Dubai: A Palestinian was killed in an overnight Israeli military raid in the Qalandiya refugee camp near Ramallah in the West Bank, medical and regime sources said on Tuesday.

The 21-year-old Mahmoud Adwan was killed when occupation troops entered the camp to make an arrest, triggering clashes with residents, the sources said.

The regime’s army confirmed that its special forces had launched a raid on the camp and claimed that its troops responded when they came under fire.

It added in a statement that one of the “terrorists” had been hit while a spokeswoman said she did not know whether or not he had been killed.

Witnesses said residents of Qalandia refugee camp threw stones at the Israeli soldiers and the man Adwan was watching from the roof of his home when he was shot.

He was dead on arrival at Palestine Medical Complex in Ramallah, with a bullet wound to the head, sources at the complex said.

Last week a Palestinian minister died after a confrontation with Israeli police in the West Bank.

The incident came with tensions running high in the occupied territories after months of unrest, and follows the death of a senior Palestinian official last week in a confrontation with Israeli troops.

According to an AFP tally, around 20 Palestinians have been killed since June in Israeli army operations in the West Bank.

Meanwhile, regime police on Tuesday arrested 10 members of extremist anti-Palestinian group Lehava which has been linked to an attack last month on a Jewish-Palestinian school.

“Ten suspects, members of the Lehava organisation, have been arrested for questioning following incitement and calls for racist acts of violence and terror,” Israeli police said in a statement.

Among those detained was the head of Lehava, which saw three of its members arrested last week on suspicion of torching a classroom at the Hand-in-Hand school, a rare symbol of coexistence in Occupied Jerusalem.

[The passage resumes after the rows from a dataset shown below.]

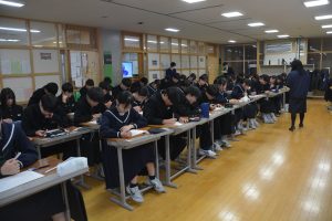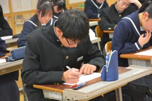 一年間の締めくくりとなる期末考査まで一か月を切りました。今日の学びを糧に、これからも自分と向き合いながら、勉強に励んでほしいと思います。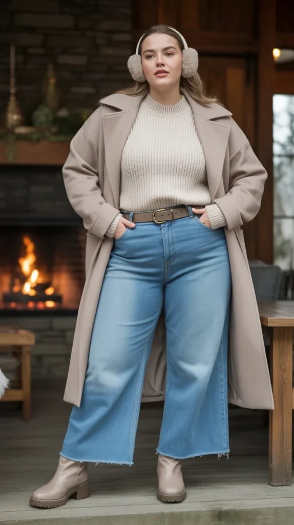 Wide-leg jeans with a chunky cream sweater and belted wrap coat make this winter outfit flattering and chic. Add knee boots and fleece-lined ear warmers for warmth. This casual winter outfit proves that cozy layers can still look stylish. Cold weather outfits like this are made for feeling confident and comfy. A mode casual favorite for girls who want style and comfort.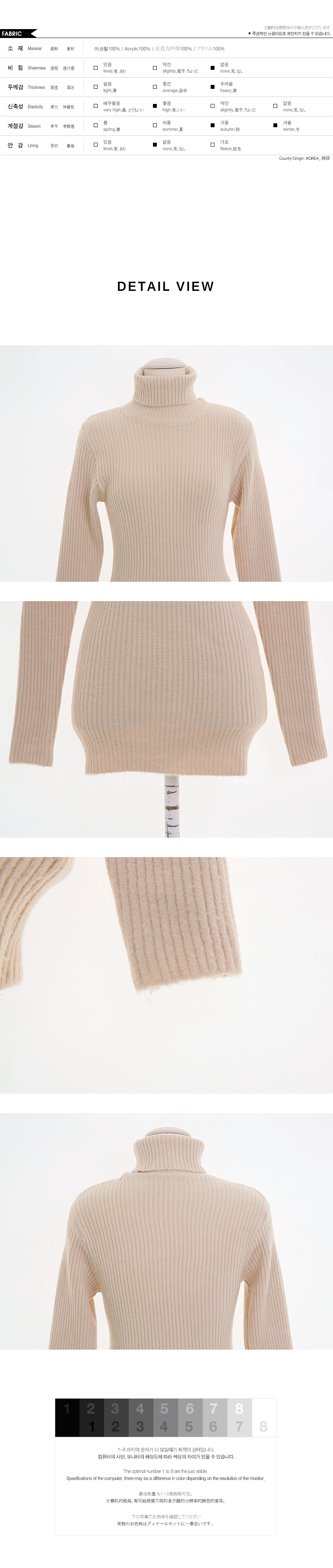 모델이 착용한 컬러는 베이지 입니다.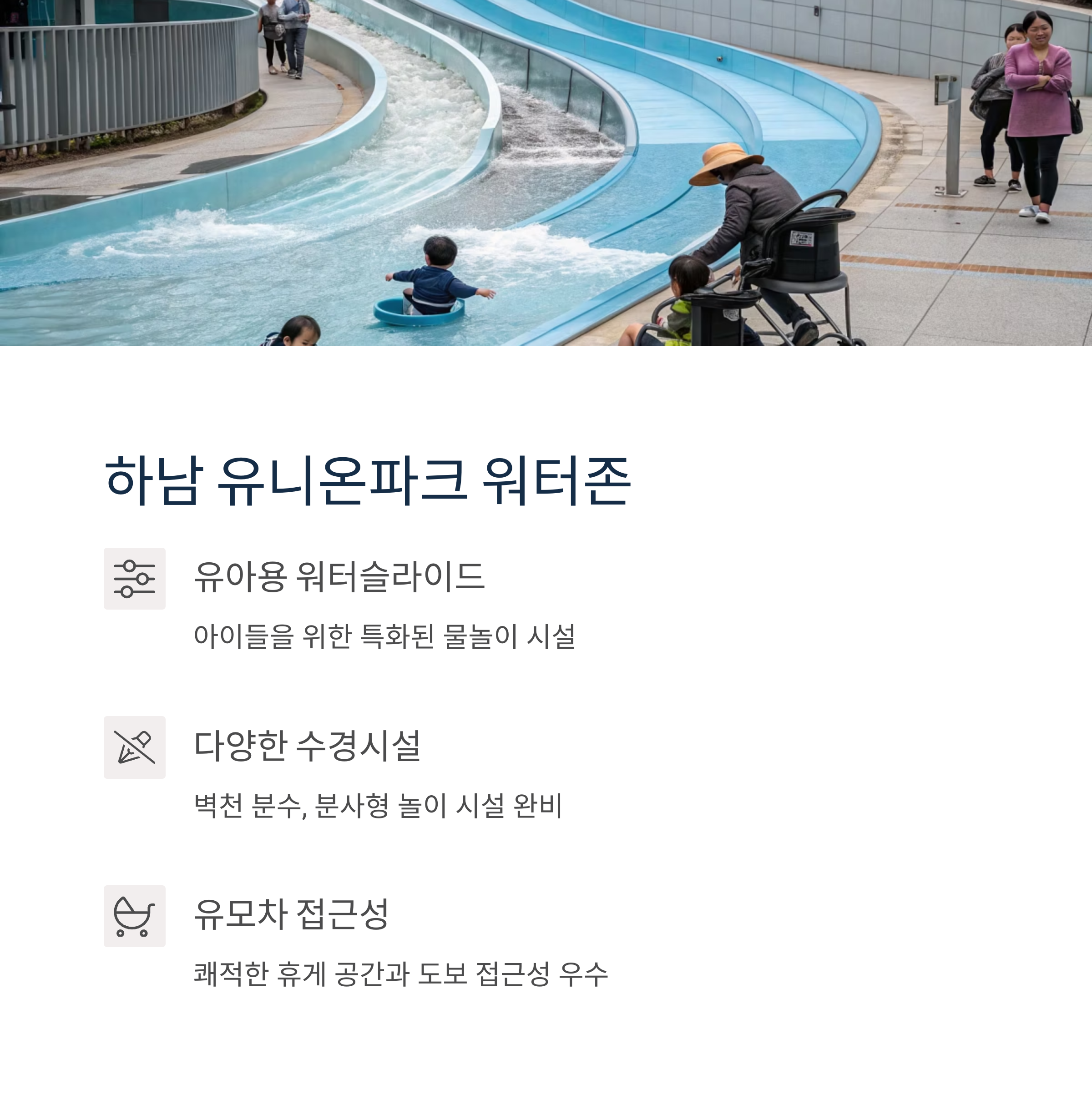 | 하남 | 유니온파크 워터존 | 유아 전용시설, 유모차 접근 가능 |

The November 29 attack saw the classroom badly damaged and slogans including ‘Death to Arabs’ and ‘There’s no coexistence with cancer’ scrawled on the walls in Hebrew.

Lehava activists follow the teachings of the late Meir Kahana, a virulently anti-Arab rabbi whose Kach party was banned by the Israeli regime, and its members fight against intermarriage.

Kahana was murdered in New York in 1990, but his ideology still inspires loyalty among Jewish extremists.